The rishi coffin of the Second Intermediate Period (see for example 30.3.4a, b) gave way in the early New Kingdom to the type seen here, an anthropoid coffin made of large planks, coated with stucco and painted white. Two long vertical bands run down the center of the lid, and transverse bands wrap around lid and trough. These bands represent the tapes that bound the outer layers of linen wrappings around the body, identifying the coffin with the mummy and thus as an additional repository for the intangible aspects of the person thought to survive death. The bands are also thought to echo the architectural features seen on earlier rectangular coffins (see 32.3.429a, b) that characterize the coffin as the eternal dwelling place of the deceased.

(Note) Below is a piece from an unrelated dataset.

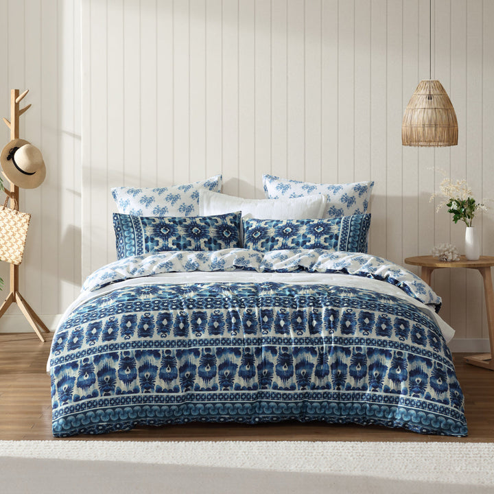 Logan and Mason Woolamai Blue Queen bed quilt cover set features a textured base that beautifully accentuates the mesmerizing watercolour tie-dye patterns intricately woven into the design. These tie-dye patterns, reminiscent of the ebb and flow of coastal waters, create a serene and calming visual experience. The cover is elegantly finished with a border print at the base, adding a touch of sophistication to the overall aesthetic. On the reverse side, a design in tonal blues and white perfectly mirrors the tie-dye aesthetics seen on the front.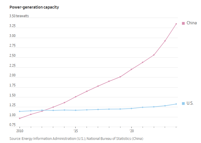 去年,中国发电量超过美国两倍。一些中国数据中心的电价甚至不到美国数据中心的一半。

This coffin was inscribed for Ahmose, son of the Lady of the House, Nakht. Strapped to his chin is the long, curved beard of divinity, around his shoulders is a broad collar with falcon-head terminals, and on his chest is a winged vulture. The amuletic wedjat eyes seen on earlier coffins are translated here into single large eyes in panels on either side of the box. On the sides of the coffin are the members of Ahmose's family, here to pay their eternal respects. To the right his wife Hapu and daughter, also named Ahmose, raise their arms in gestures of mourning; behind the women are two sons, Djehuty and Mekyniwetef. Hapu appears again to the left, this time with a different daughter, Tet, and two sons, Nebseny and Siamun. On the foot end are figures of the goddesses Isis and Nephthys, along with a male offering bearer. The long bands on the lid are also used to carry offering prayers for the benefit of Ahmose: one calls on the mortuary god Osiris, like many such prayers; the other is more unusual in that it invokes the great state god of the New Kingdom, Amun-Re.